The new features will be documented in the HEC-SSP User's Manual and Tutorials and Guides when Version 2.4 is released in Fiscal Year 2025. In the meantime, users are encouraged to explore the existing HEC-SSP documentation on partial duration series: Partial Duration Series Workshops Using R and Partial Duration Series using HEC-SSP and Excel.

References

Balkema, A. A., and de Haan, L. (1974). Residual Life Time at Great Age. The Annals of Probability, 2(5), 792-804.

Breverman, A., Bartles, M., Karlovits, G., and Arabi, M. (2023). Addressing Mixed Populations in Flood Frequency Analyses: A Case Study in Eastern Pennsylvania. Sedimentation and Hydrologic Modeling Conference. St. Louis, MO: SEDHYD.

Breverman, A. (2023). Mixed Populations Flood Frequency Analysis in the Mid-Atlantic Region of the United States [Master's thesis, Colorado State University]. Mountain Scholar Digital Collections of Colorado.

England, J. F., Cohn, T. A., Faber, B. A., Stedinger, J. R., Thomas, W. O., Veilleux, A. G., Kiang, J. E., Mason, R. R. (2019). Guidelines for Determining Flood Flow Frequency Bulletin 17C. Reston, VA: U.S. Geological Survey.

Langbein, W. B. (1949). Annual Floods and the Partial-duration Flood Series. American Geophysical Union, 30(6), 879-881.

Madsen, H., Rasmussen, P., and Rosbjerg, D. (1997a). Comparison of annual maximum series and partial duration series methods for modeling extreme hydrologic events 1. At-site modeling. Water Resources Research, 33(4), 747-757.
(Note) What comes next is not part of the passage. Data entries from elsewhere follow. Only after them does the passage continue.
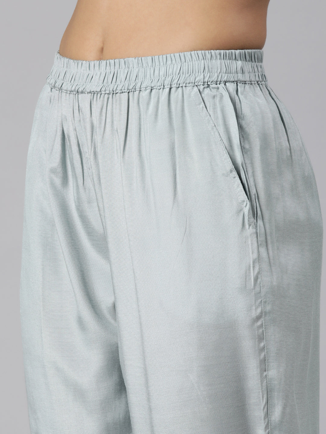 Neeru's Blue Regular Straight Floral Kurta And Trousers With Dupatta
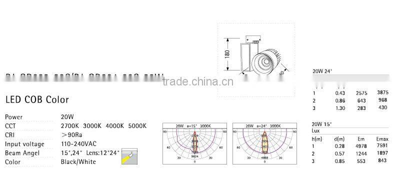 20w White and Black Hot Selling Cob Led Track Spot Light for Commercial Lighting
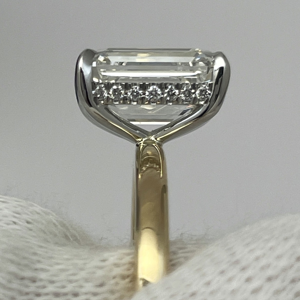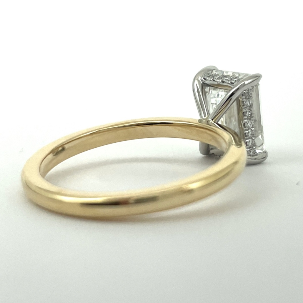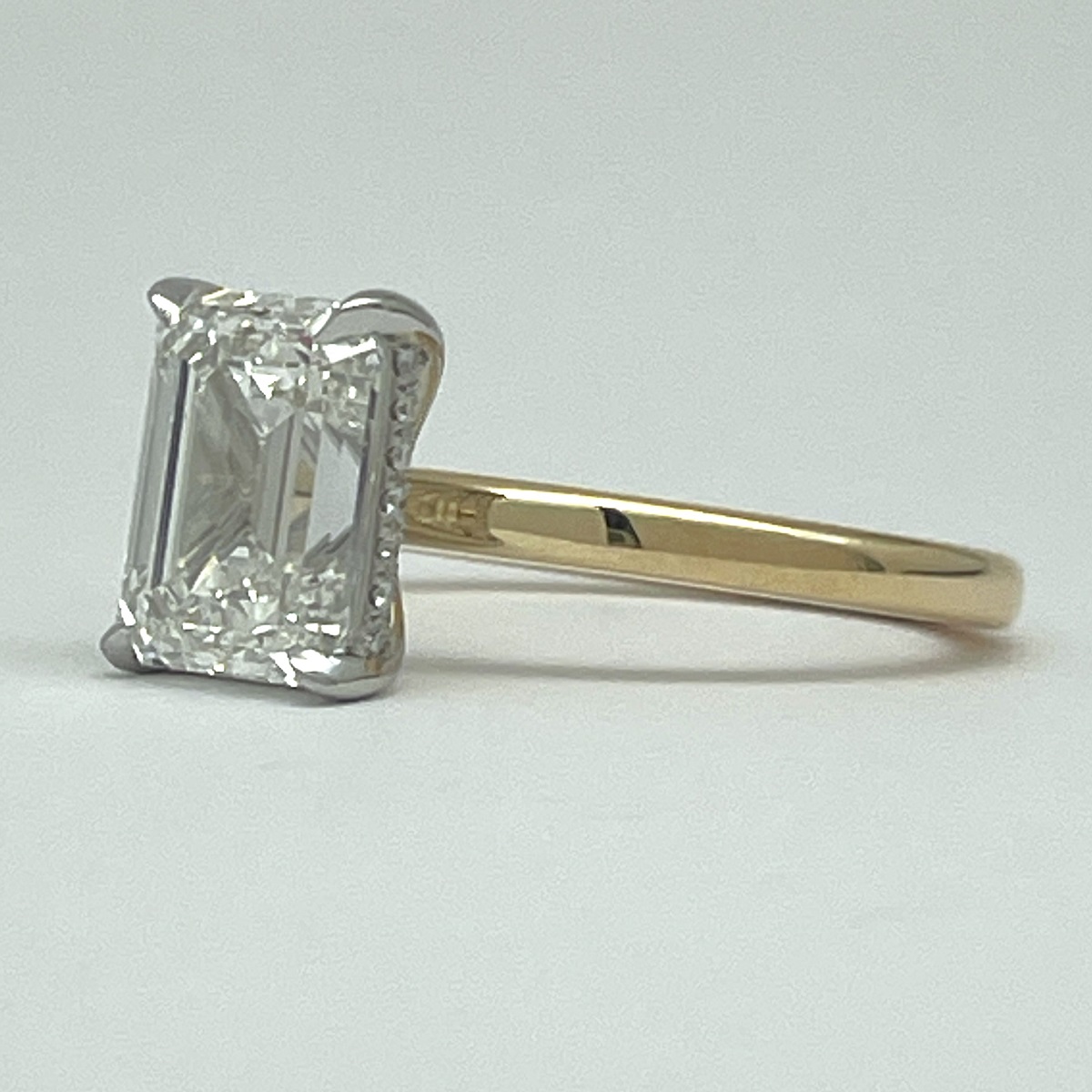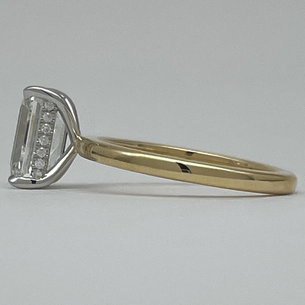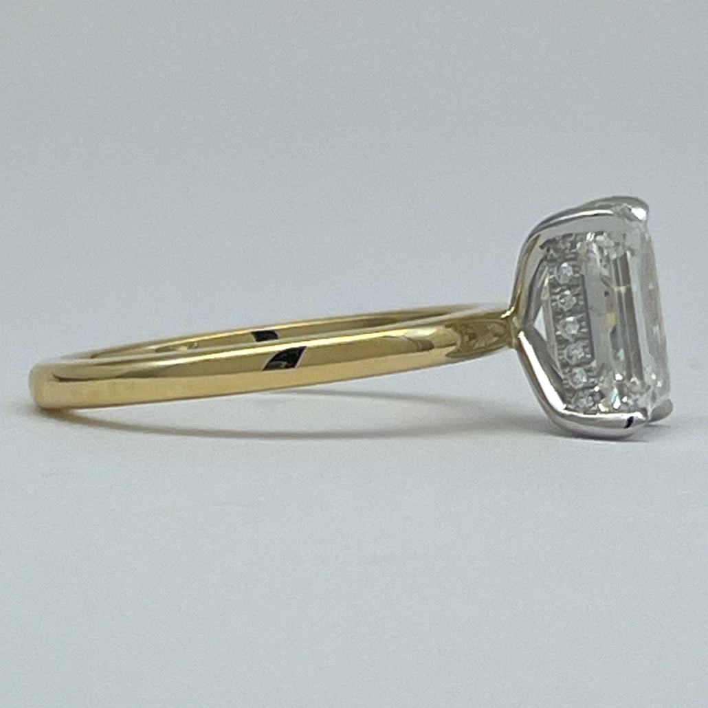A future heirloom with a minimalist heart. The emerald-cut diamond floats above a polished yellow gold band, held aloft by a white gold setting that hides a line of dazzling accent stones just beneath the surface.

Madsen, H., Pearson, C., and Rosbjerg, D. (1997b). Comparison of annual maximum series and partial duration series methods for modeling extreme hydrologic events 2. Regional modeling. Water Resources Research, 33(4), 759-769.

Naghettini, M. (2017). Fundamentals of Statistical Hydrology. Cham, Switzerland: Springer International Publishing.

Pickands III, J. (1975). Statistical Inference Using Extreme Order Statistics. The Annals of Statistics, 3(1), 119-131.

Sinclair, C. D., B. D. Spurr, and M. I. Ahmad. (1990). Modified Anderson Darling test, Commun. Stat. Theory Methods, 19(10), 3677–3686, doi:10.1080/03610929008830405.

Solari, S., M. Egüen, M. J. Polo, and M. A. Losada. (2017). Peaks Over Threshold (POT): A methodology for automatic threshold estimation using goodness of fit p-value, Water Resour. Res., 53, 2833–2849, doi:10.1002/2016WR019426.

Todorovic, P., and Rouselle, J. (1971). Some Problems of Flood Analysis. Water Resources Research, 7(5).

Todorovic, P., and Zelenhasic, E. (1970). A stochastic model for flood analysis. Water Resources Research, 6(6), 1641-1648.

U.S. Water Resources Council. (1976). Guidelines for Determining Flood Flow Frequency, Bulletin No. 17. Washington, D.C.: U.S. Water Resources Council, Subcommittee on Hydrology.

Wang, Q. (1991). The POT model described by the generalized Pareto distribution with Poisson arrival rate. Journal of Hydrology, 129, 263-280.